Tolerant/Intolerant
by digby
There’s lots of positive chatter this week-end about Sally Kohn’s excellent piece in the Washington Post about the limits of liberal tolerance. It’s an excellent question. Along with our bent for altruism and empathy, it’s a real Catch 22 for liberals seeking to live their values. It’s a little bit hard to it when the act of doing so empowers those who are hostile to them. There was a guy named Jesus who had some things to say about that but his teachings on the subject a very out of fashion these days, particularly among the people who hate tolerance, altruism and empathy. It’s more than a little bit ironic that they are the ones who’ve made a political litmus test out of being Christians.
It’s also, by the way, what sets the liberals apart from your commies — their system doesn’t really incorporate those values either, even if they share some hostility toward capitalistic excess.

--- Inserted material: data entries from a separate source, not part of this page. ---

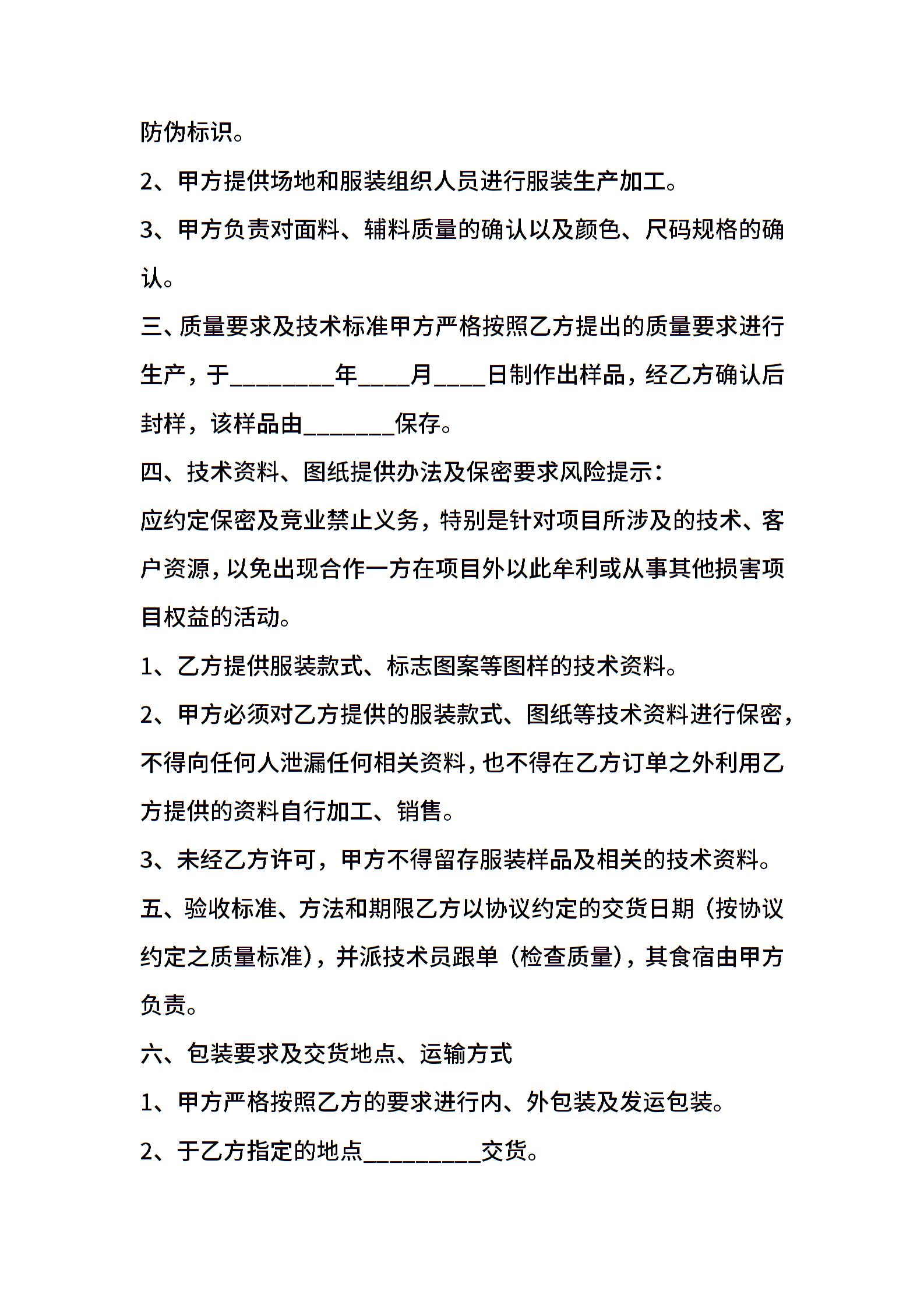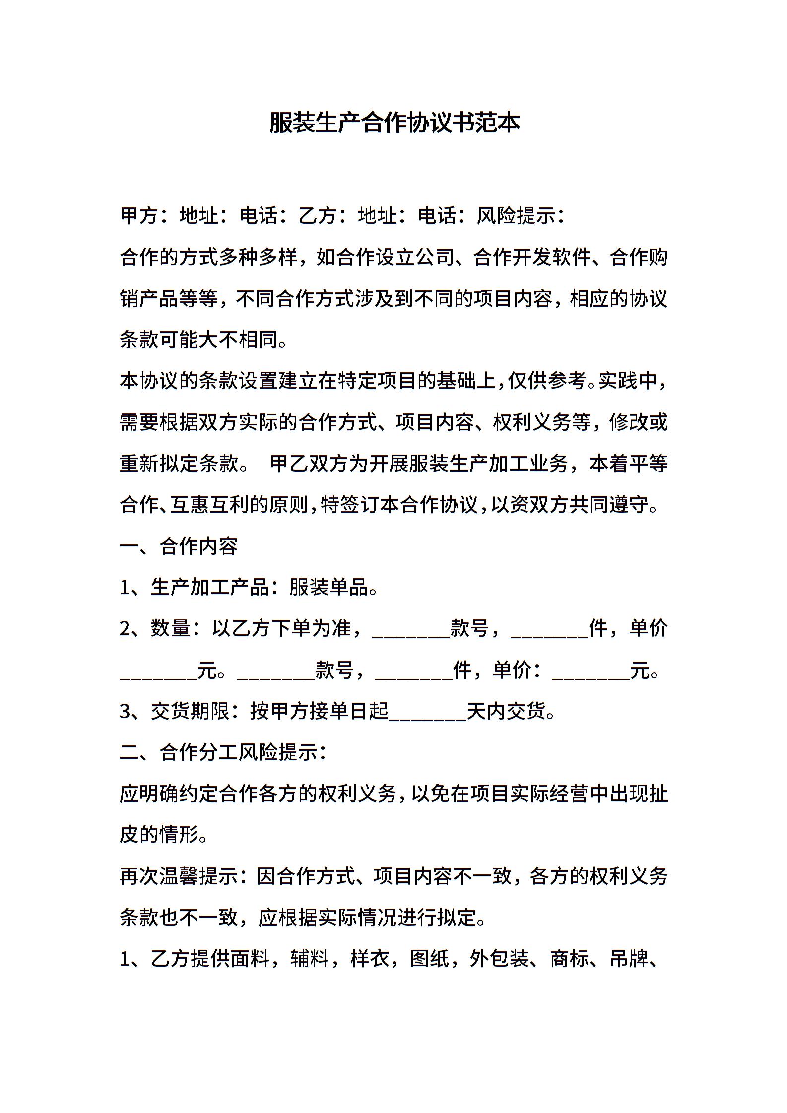 服装生产合作协议书范本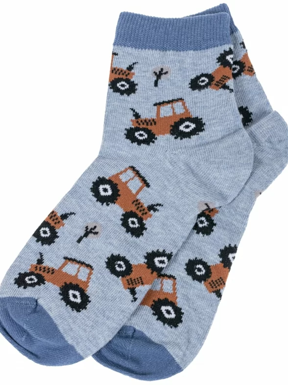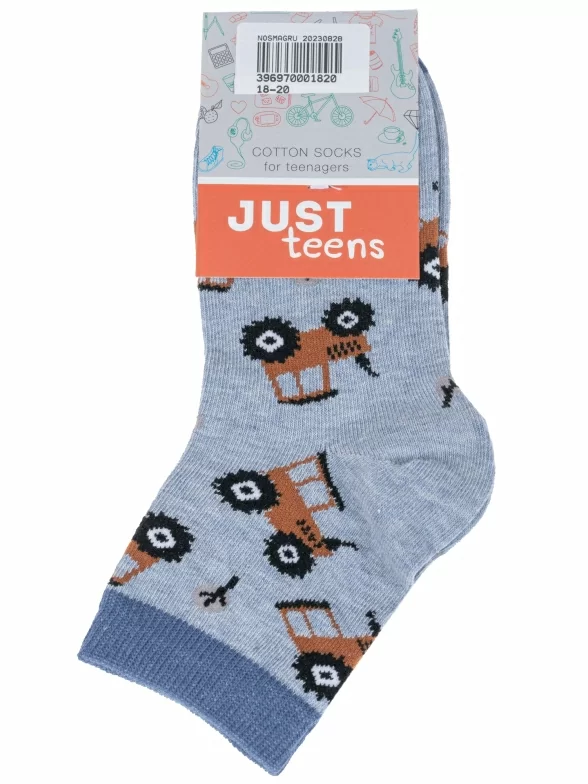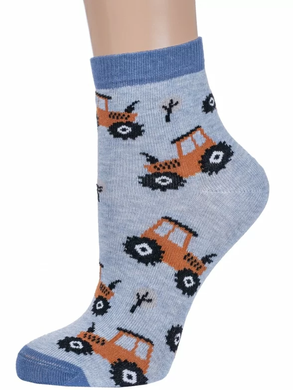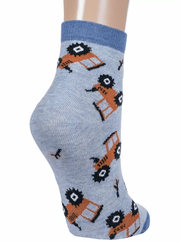 Круглогодичные укороченные детские носки, цвет джинс, повседневные, возможно бесшовные, принт (рисунок): транспорт, контрастные пятка / мысок / резинка, с узором, состав: 54% хлопок, 23% полипропилен, 19% полиамид, 4% эластан, арт. С-2151. Производитель «КРАСНАЯ ВЕТКА» Россия под брендом «Красная ветка».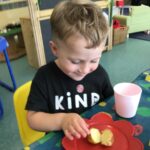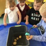 Nursery children planted some potatoes in the Summer term. This week they have been harvesting their potatoes. They dug them up outside, washed them clean and then prepared and enjoyed eating the potatoes at snacktime.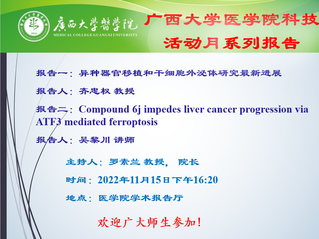 2022年医学院科技活动月系列学术报告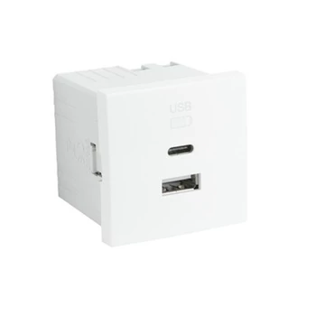Quadro45 típusú dupla USB töltő aljzat, USB-A és USB-C típusú csatlakozóval, egyetlen szerelvényhelyen, matt fehér színben100 - 240 V ~ | 50 - 60 Hz - 5 V 3 A
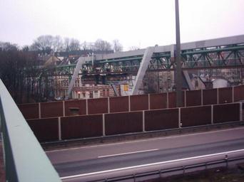 Keywords: Schweb23122005-005.JPG 2005-12-20 own assumed Stefan17675~commonswiki low quality Advertisements on 1972er blue and orange Wuppertal Schwebebahn trains Sonnborner Kreuz 2005 photographs of Wuppertal Noise barriers in Wuppertal
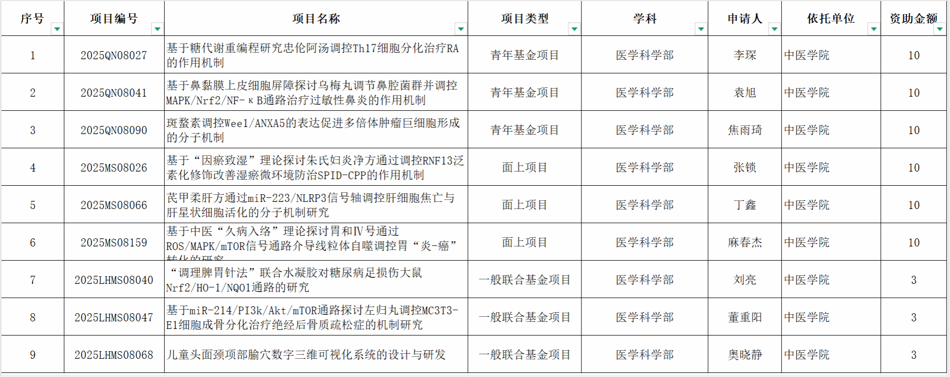 喜报--中医学院获批9项2025年度自治区自然科学基金 近日,根据内蒙古自治区科学技术厅公布了《关于批准资助 2025 年度第一批自治区自然科学基金项目的通知》,我院教师主持申报的9个项目获批立项,其中包括3个面上项目、3个青年基金项目、3个一般联合基金项目(具体见下表)。

But don’t tell that to the right wingers. But then they also think liberals are in cahoots with Islamic fundamentalists who believe women should be stoned for adultery and gays should be hung, so they have a bit of a hard understanding these nuances.
The perennial question is what to do about it and after years of pondering this question I think it comes down to this: you can be altruistic and empathetic even when people are mean and ungrateful. Those values aren’t dependent upon how others receive them. And in order to live in this world you have to be tolerant of human foibles and differences among us. But you can’t be tolerant of injustice, greed, cruelty and violence. It’s not all that hard to see the difference when you step back and look at it clearly.
Anyway, read Kohn’s article. It’s a very interesting discussion of our competing worldviews and asks the right questions. It’s a problem, no doubt about it. It’s always has been.